Former leader of Jewish Congregation in Oslo wants Norwegian Jews to debate Israel

From Vårt Land

Anne Sender: The Jews must discuss Israel

The former leader of the Jewish Congregation in Oslo criticizes Christian congregations that collect money for settlements

Geir Ole Bjartvik

The former leader of the Jewish Congregation in Oslo says in an open in Vårt Land on Tuesday that the Jewish community in Norway to a greater degree must show that there are many different views on Israel’s policies within the congregation.

We must criticize mistakes. She underlines that Israel is of fundamental importance for the congregation in Oslo as a “Zionist congregation”. But Norwegian Jews ought nonetheless criticize Israeli mistakes, she thinks.

“There have been so many others with strong opinions”, Sender writes to explain why DMT until now has kept the disagreement on Israel behind closed doors, more than other Jewish congregations elsewhere in Europe.

Problematic attitudes. But this ought to end now, says Sender. She refers to how, among others, Israeli group have involved Norwegian Jews into the problems [ME conflict, M. McG].

The last few years, some comments, law proposals and attitudes presented by rabbis, party leaders and members of Government been so problematic, that I believe that we, as Jewish leaders in the Diaspora, must distance ourselves from it, Sender says.

For her own part, she attacks Israeli settlements, which she thinks are obstacles to peace. She also points to  the increased power of the elected State Rabbinate and the Knessets tendency to adopt laws which undermine equal rights for all citizens.

Christians against peace. Sender also confronts “those special Christians congregations that collect money for settlements”

The former leader of the Jewish Congregation accuses these groups for being more inspired by their own religious and political convictions, than thinking about peace for all who live in Israel.

We stick to the Bible. John Skåland is chairman for the CarmelInstitute, which collects money for Jewish settlers. Skåland says he takes little notice of  Senders opinion.

We have had the same attitude for the last 60-70 years and we stick to the Bible, says Skåland and adds that the Institute now is increasing the support for the settlers.

Many-faceted debate. It is also of no consequence for the Carmel leader,  that it is a leading Norwegian Jew who presents the criticism.

Absolutely not. We know that there are various opinion among Norwegian Jews, just as it is among Israelis. Both Norway and Israel are democratic countries where luckily anybody is free to have a different opinion, Skåland says, who also thinks that the Norwegian debate on Israel is many-faceted enough as it is.

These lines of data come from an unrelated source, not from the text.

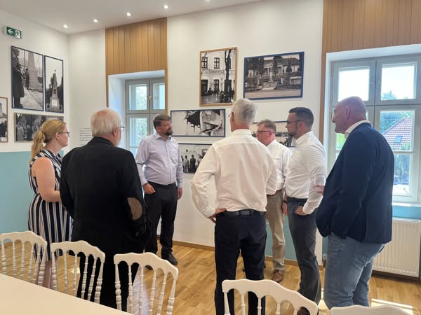 Sajtótájékoztató Dunaújvárosban, a felújított Mondbach-kúria előtt, ahová a kormányzati támogatásból jelenleg restaurálás alatt álló Szentháromság-szobor kerül majd.
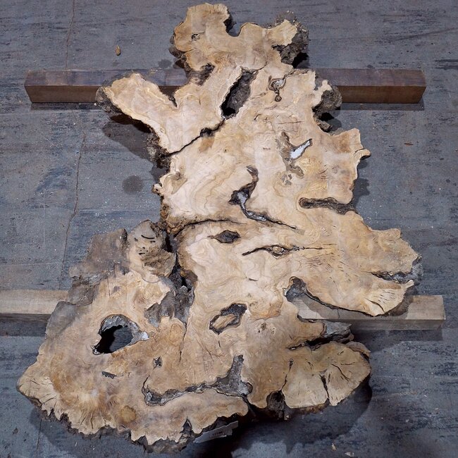 Olive Platte, gefräst, ca. 1200 x 600 x 45 mm, 12523, 12,5 kg, luftgetrocknet, Einschnitt 08/2019. Risse, enthält Lehm/Beton. Sie erhalten das abgebildete Einzelstück.
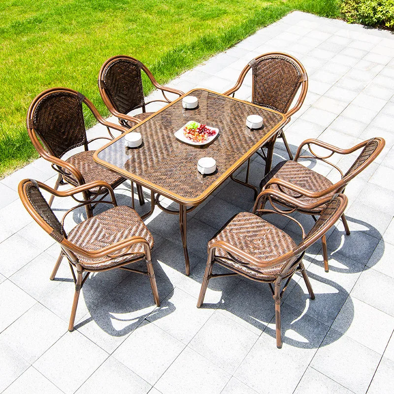 Комплект садовой мебели: 2 стула с высокой спинкой, стол квадратный с отделкой под дерево, 80 см (№03)
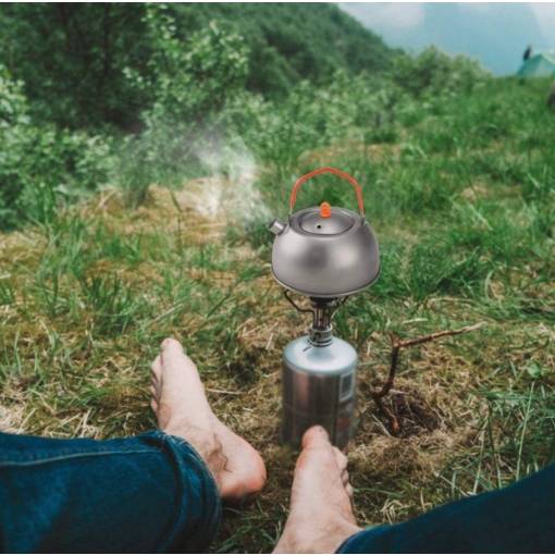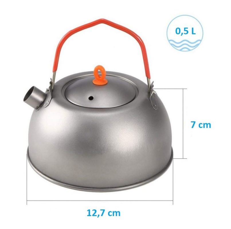 A kemping vízforraló titánból készült, amely ultralegény, hőálló, korrozióálló és kiválóan hosszú élettartamú. Nem hagy semmilyen szagot vagy ízt.
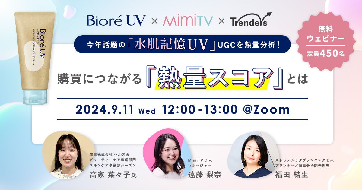 トレンダーズ株式会社(所在地:東京都渋谷区、代表取締役社長:黒川涼子、東証グロース上場:証券コード6069)が運営する美容メディア「MimiTV」は、無料マーケティングウェビナー「今年話題の『水肌記憶UV』UGCを熱量分析!購買につながる『熱量スコア』とは」を、2024年9月11日(水)に開催いたします。
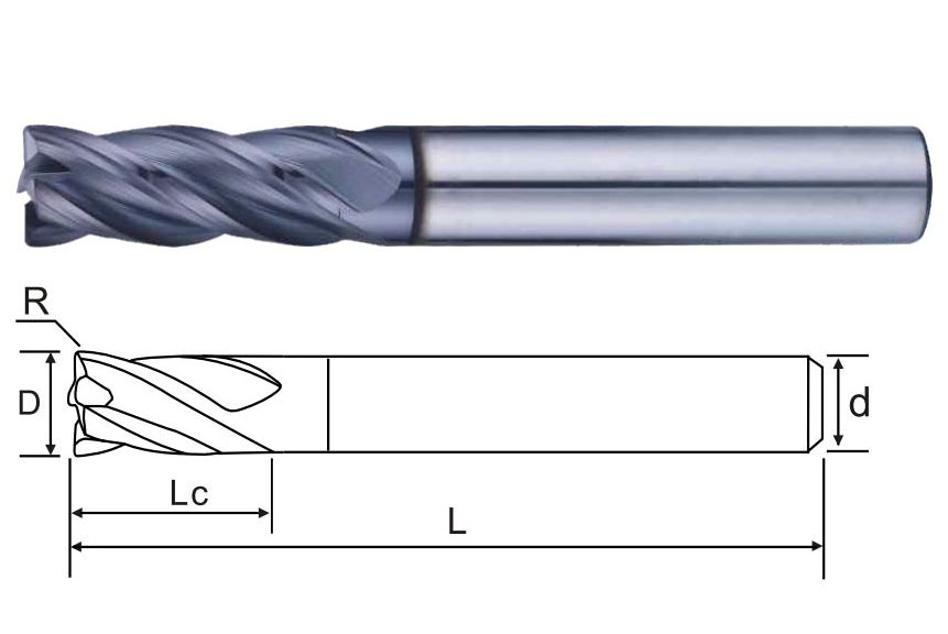 | 商品編號 Product number | 刃徑(D) Blade diameter | R角 R angle | 刃長(Lc) Blade length | 柄徑(d) Shank diameter | 全長(L) Overall length | 刃數(shù) Flute |
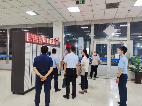 在號牌中心二部,考察團實地觀摩了號牌發放領取環節,對公司自主研發的機動車號牌智能存取柜和號牌自助領取機稱贊不已,一致認為,這兩款設備改變了傳統的號牌發放領取模式,使工作變得更加智能化、簡便化,值得在行業內推廣應用。
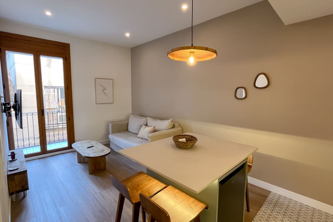 Nestled on Carrer de Milà i Fontanals, this thoughtfully designed apartment blends natural textures, soft tones, and modern comfort, creating a soothing oasis in one of Barcelona’s most vibrant neighborhoods.
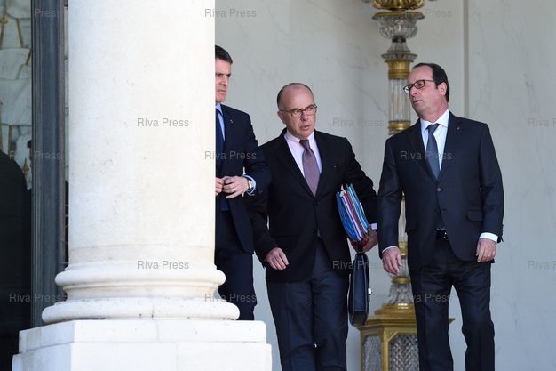 Mots-clés : 2015, Bernard Cazeneuve, cazeneuve, Conseil des Ministres, Elysée, Francois Hollande, Hollande, Manuel Valls, Ministre, Paris, Valls

Most groups have stepped into the fray. One or two more makes no difference.

My own and highly personal opinion – as an outsider, is that this is a very valuable contribution to the discussion. Sender makes many important points, and is not afraid to grab the bull by the horns.

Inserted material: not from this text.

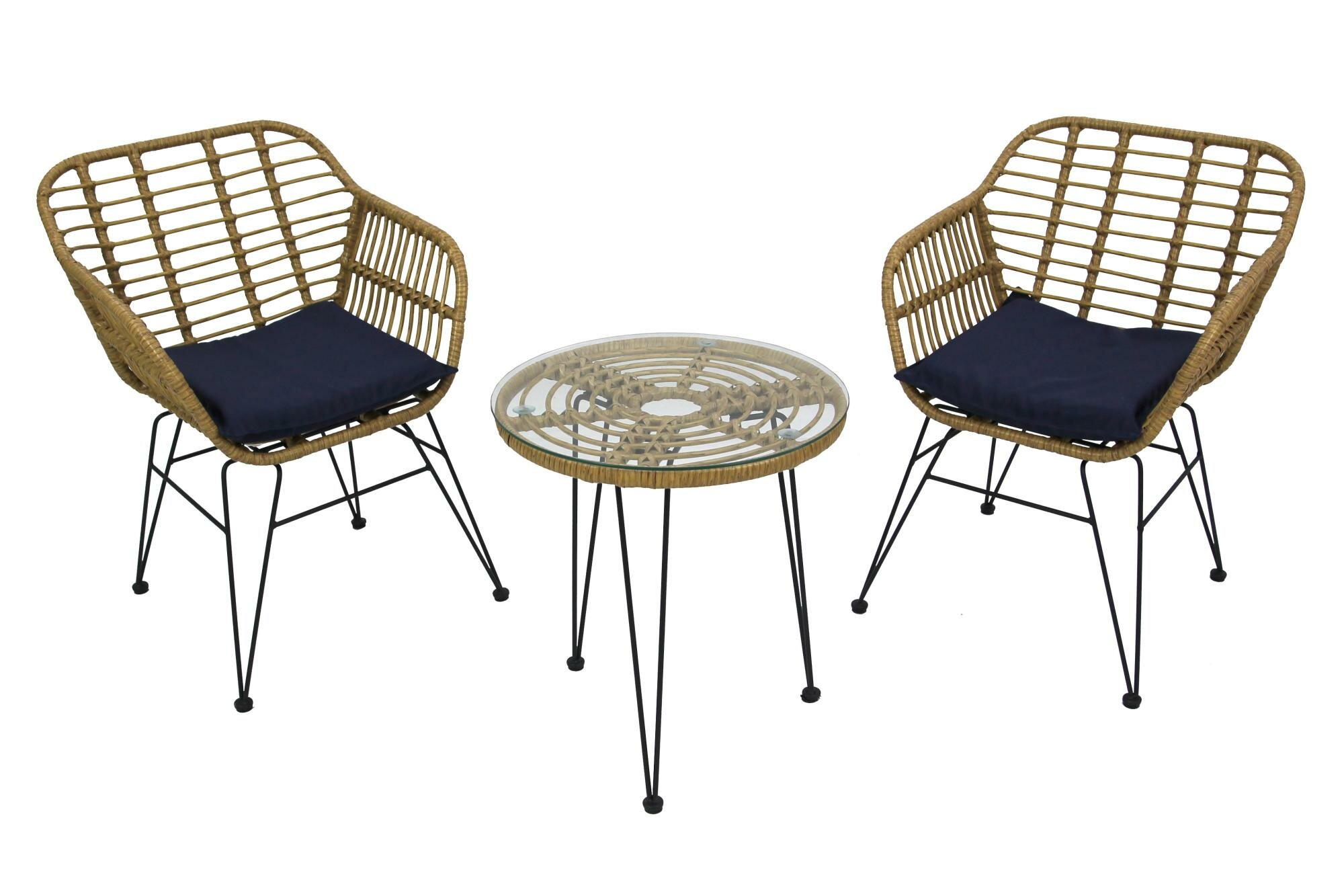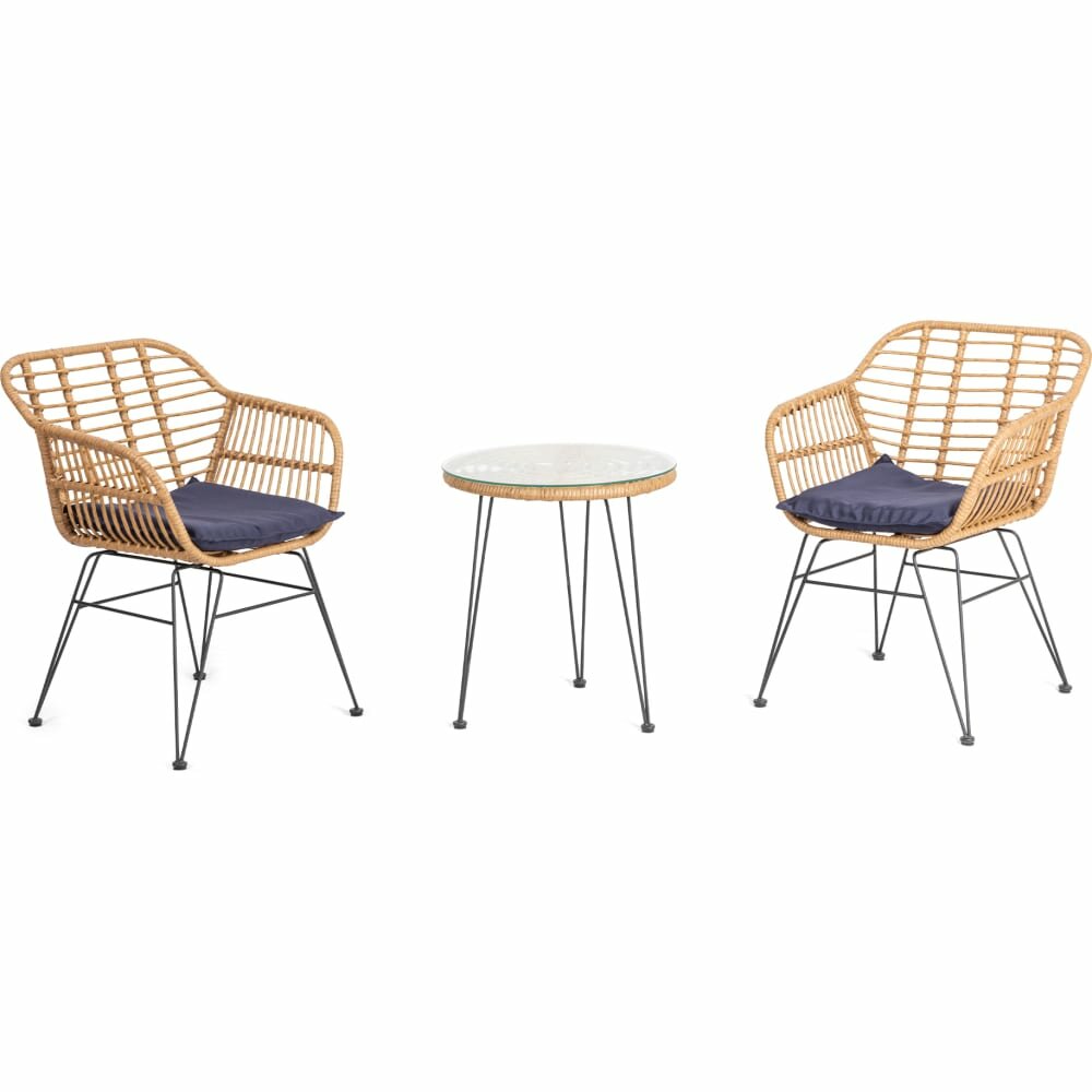Купить Набор мебели Адриан Мини арт. GS008 бежевый, синий (2 стула+стол Ø52см, каркас черный, ротанг беж.) "Garden story"

I personally missed a reference to the many Israeli civic organizations that on a daily basis, and long before the current government came to power, have challenged, over and over again, ludicrous laws and arbitrary decisions, in Israeli courts.

So, while the Knesset is free to adopt any law it wants to, I think it is reassuring to think that the average Israeli citizen wont suffer fools, or foolishness and will promptly tell the Supreme Court to rule on the  matter. It has turned out to be a most formidable institution, founded on Justice, Justice shall you pursue.

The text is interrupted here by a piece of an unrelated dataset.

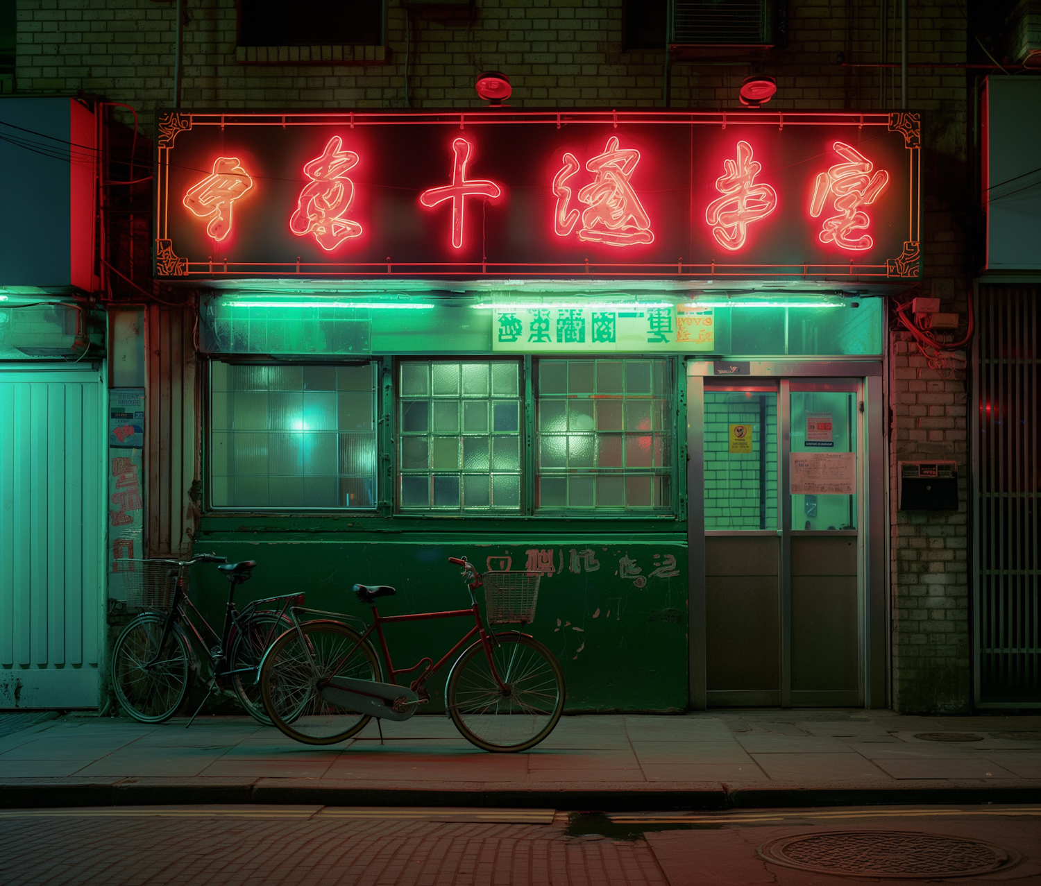 Neon-lit storefront at night with bicycles parked outside, featuring vibrant red and green hues for a serene urban atmosphere.

In many ways I wish we had such a feisty civic attitude here in Norway – there are many laws and regulations that certainly could be challenged – the last decree from the Ministry of Finance to restrict MPs access to our national statistics bureau, Statistics Norway, is only one recent example of how our leaders make mistakes.

I have no doubt Sender is aware that this oped will attract praise and criticism from Norway and other countries. Those who wish to comment here, are welcome to do so as long as language is appropriate and personal attacks avoided.

It is very dark and lonely in that cyber-dungeon whereto I will banish those who overstep the mark.